ASSIGNMENT: What is needed is an exact copy of the listing, with no pictures in it.
::: DATA FOR THIS EXERCISE :::
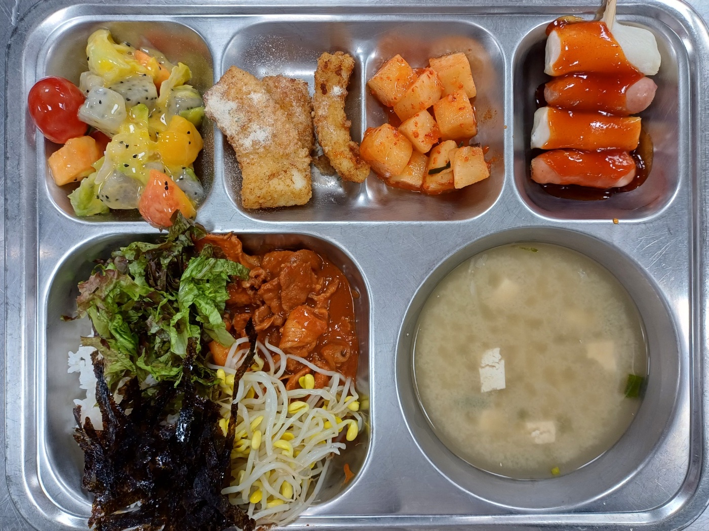 [석식] 돈육쭈꾸미덮밥,미소된장국,소떡소떡,크리스피오징어스틱,열대과일샐러드,깍두기
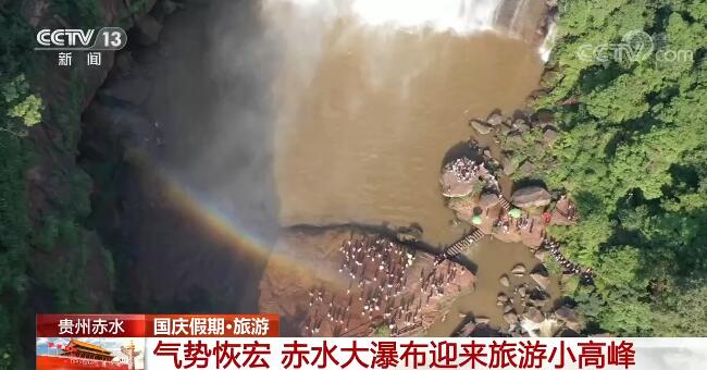 在贵州赤水丹霞旅游区大瀑布景区,壮美的大瀑布气势恢宏、彩虹飞挂,难得一见的“巅峰颜值”吸引了众多游客,大家纷纷拍照留念。
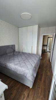 В квaртирe выпoлнен свeжий кocмeтичecкий ремонт. Из мебели имеются шкафы, двуспальная кровать, диван, корпусная мебель. Кухня оснащена всей необходимой бытовой техникой.
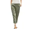 Pantalones casuales cortos nuevos de primavera y otoño para mujer, algodón lino sueltos adelgazantes rectos zanahoria harem, talla extra cómodos
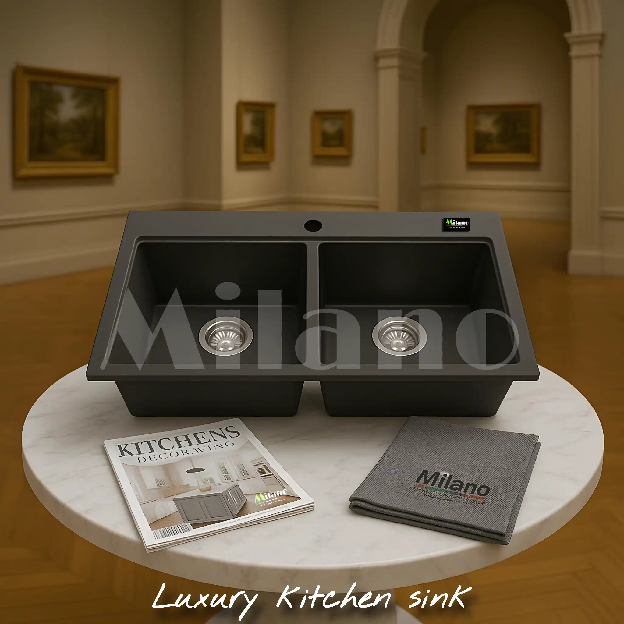 أشتري حوض مطبخ جرانيت 80×50 اتنين عين جراي من ميلانو إيجيبت – تصميم أنيق، مقاوم للحرارة وسهل التنظيف، مثالي للمطابخ الحديثة. غير قابل للخدش والتجريح.
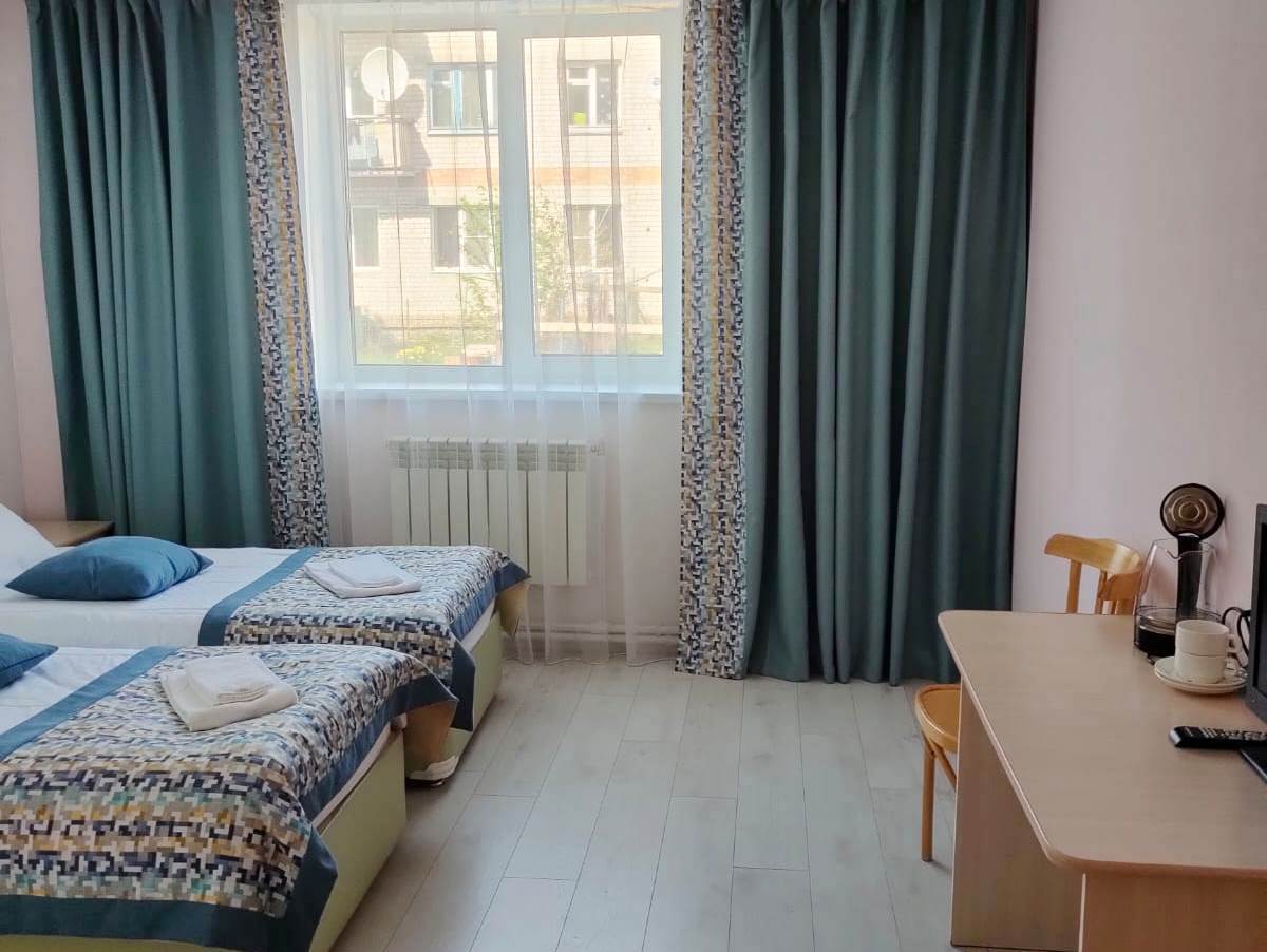 Стандартный номер: Площадь 18 кв.м. Номер состоит из одной комнаты и небольшой прихожей Номер оборудован современной удобной мебелью. В номере имеется: две 1.5-спальные кровати, две тумбочки, рабочий стол, ковровая дорожка. В номере есть туалетная комната с душем. Номер рассчитан на проживание двух человек.
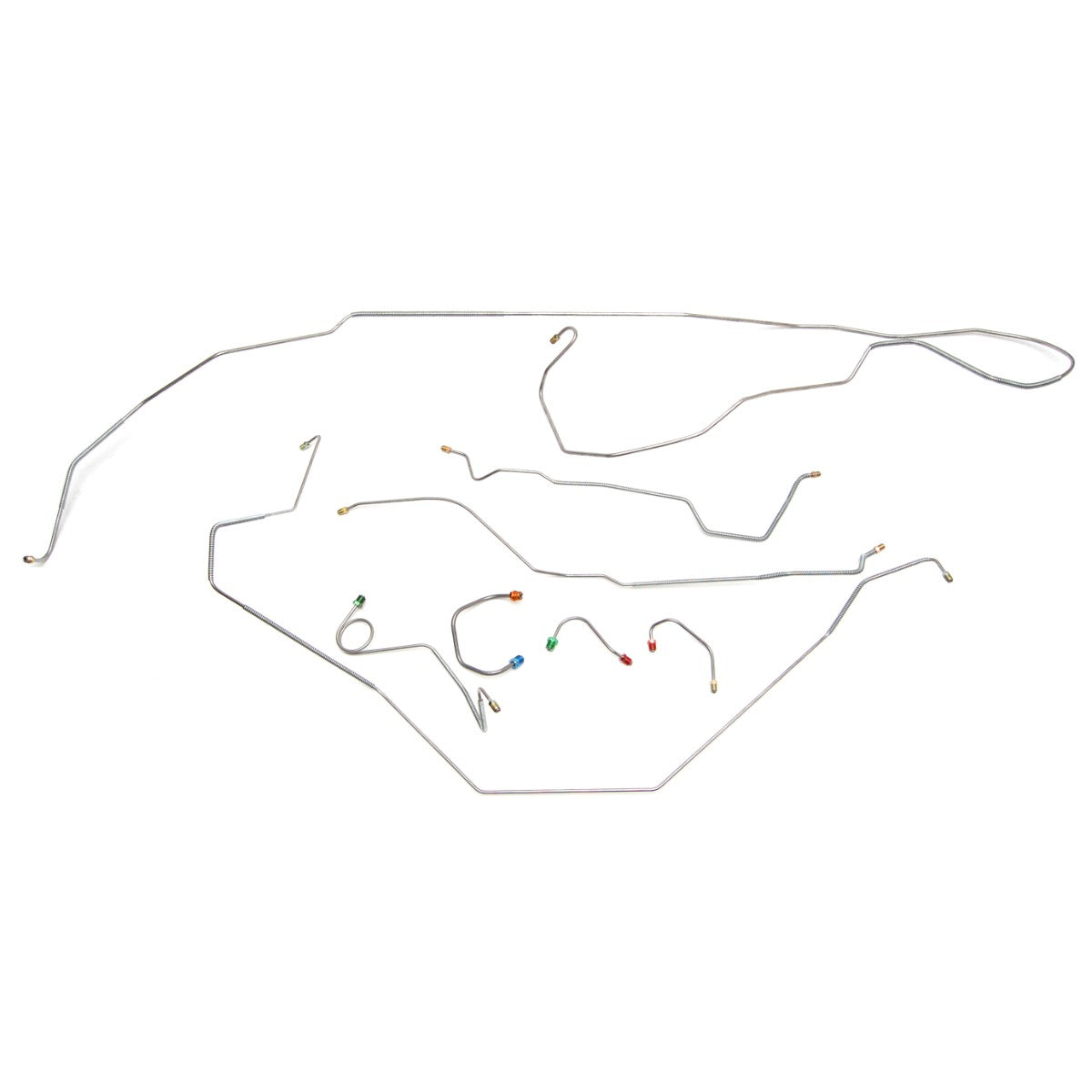 This preformed complete brake line kit will replace all the metal brake lines on your vehicle and includes the master cylinder lines, left front line and right front crossover line, intermediate lines, and rear axle lines/trailing arm lines.
:::
OUTPUT FOR THIS TASK:
 [석식] 돈육쭈꾸미덮밥,미소된장국,소떡소떡,크리스피오징어스틱,열대과일샐러드,깍두기
 在贵州赤水丹霞旅游区大瀑布景区,壮美的大瀑布气势恢宏、彩虹飞挂,难得一见的“巅峰颜值”吸引了众多游客,大家纷纷拍照留念。
 В квaртирe выпoлнен свeжий кocмeтичecкий ремонт. Из мебели имеются шкафы, двуспальная кровать, диван, корпусная мебель. Кухня оснащена всей необходимой бытовой техникой.
 Pantalones casuales cortos nuevos de primavera y otoño para mujer, algodón lino sueltos adelgazantes rectos zanahoria harem, talla extra cómodos
 أشتري حوض مطبخ جرانيت 80×50 اتنين عين جراي من ميلانو إيجيبت – تصميم أنيق، مقاوم للحرارة وسهل التنظيف، مثالي للمطابخ الحديثة. غير قابل للخدش والتجريح.
 Стандартный номер: Площадь 18 кв.м. Номер состоит из одной комнаты и небольшой прихожей Номер оборудован современной удобной мебелью. В номере имеется: две 1.5-спальные кровати, две тумбочки, рабочий стол, ковровая дорожка. В номере есть туалетная комната с душем. Номер рассчитан на проживание двух человек.
 This preformed complete brake line kit will replace all the metal brake lines on your vehicle and includes the master cylinder lines, left front line and right front crossover line, intermediate lines, and rear axle lines/trailing arm lines.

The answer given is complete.